For 80 years, Republicans have blocked us from fixing our health care system.
It’s astonishing, isn’t it? The sheer longevity of this struggle. Eighty years ago, the seeds of a national health system were sown, a vision of healthcare for all, paid for through payroll taxes. President Truman championed this idea, a system that would have covered everything, from doctor visits to hospital stays. But the Republican response? A resounding “no.” They decried it as “socialized medicine,” and aligned themselves with the American Medical Association, which had its own plan, one that preserved the dominance of private insurance. It’s a pattern that has sadly repeated itself throughout the decades.
The impact of this consistent obstruction is profound. Imagine a world where your access to healthcare isn’t tied to your job, where unemployment doesn’t automatically mean losing coverage. Imagine a system that isn’t designed to primarily benefit insurance companies, a system where the focus is on the well-being of the patient, not the profit margin. It’s a vision that has been relentlessly thwarted.
The arguments against reform often center around fear. Fear of change, fear of higher taxes, fear of something being “un-American.” But beneath the surface, there’s a deeper, more troubling sentiment – a resistance to the idea of shared responsibility. This is what you could call “misanthropy dressed as individualism” – the belief that the potential for being exploited by others outweighs the very real suffering of millions. The reality is, it’s a choice made, time and time again. A choice to prioritize individual advantage over collective well-being.
The Affordable Care Act, for example, was watered down to appease these fears, entrenching private insurance and assuring Americans that they wouldn’t get “something for nothing.” We’ve seen it in the Democratic primary, where the value of negotiated private coverage was worried over and expressed by many. It’s a recurring theme: the reluctance to embrace the idea that healthcare is a right, not a privilege.
The Republican playbook has been consistent: “Repeal and Replace!” But when pressed for specifics, the plan often remains a secret, a void filled with vague promises. And the result? A system that maximizes cost and complexity while minimizing responsibility. This has resulted in a system that is deliberately complex and costly. Democrats are usually the ones stuck trying to compromise with this position. Republicans seem to always want to take it back to the past.
The forces working against change are powerful. The American Medical Association, for example, has been a significant obstacle, consistently lobbying against reform. And the insurance lobby, the pharmaceutical industry, and the corporations who benefit from health insurance being tied to employment, pour money into the system to maintain the status quo.
The consequences of this are clear.

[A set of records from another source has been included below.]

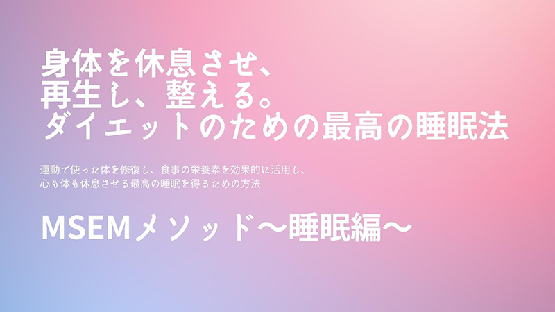 MSEMメソッド~睡眠編~ 身体を休息させ、再生し、整える。 ダイエットのための最高の睡眠法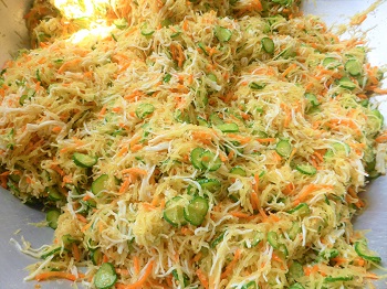 オリビエサラダはロシアの代表的なサラダで、じゃがいも、人参、キュウリ、コーン、たまご、ハムを入れました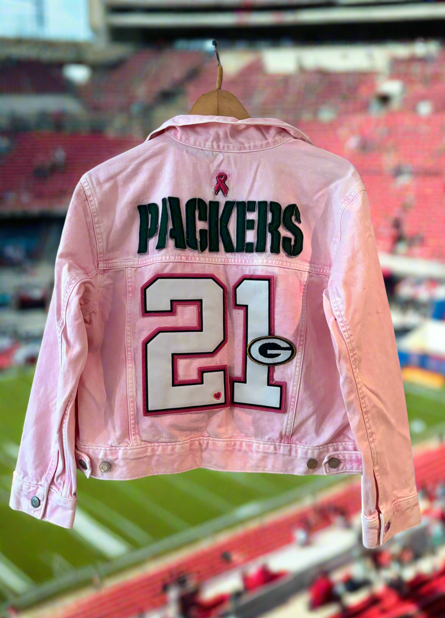 Reworked overdyed Retro Game Day Breast Cancer Awareness Denim Jean Jacket

While other nations have embraced universal healthcare, the U.S. continues to grapple with a system that often fails its citizens. It is in part due to what the United States repeatedly rejected universal health care, knowingly, and democratically. This is the choice we’ve made, and until that moral choice is acknowledged, policy tinkering alone won’t suffice.
The fact is, even the ACA was originally a Republican idea. That’s right – a plan that ultimately resembles the ACA specifically as a counter-argument to universal healthcare. And now it’s “socialist.” This is a stark illustration of the lengths to which they have gone to prevent meaningful change, with politicians receiving benefits the general public can’t afford.
This isn’t just about Republicans, of course. Democrats have also played a role, with some siding with the insurance lobby or the AMA, even going as far as voting against public healthcare.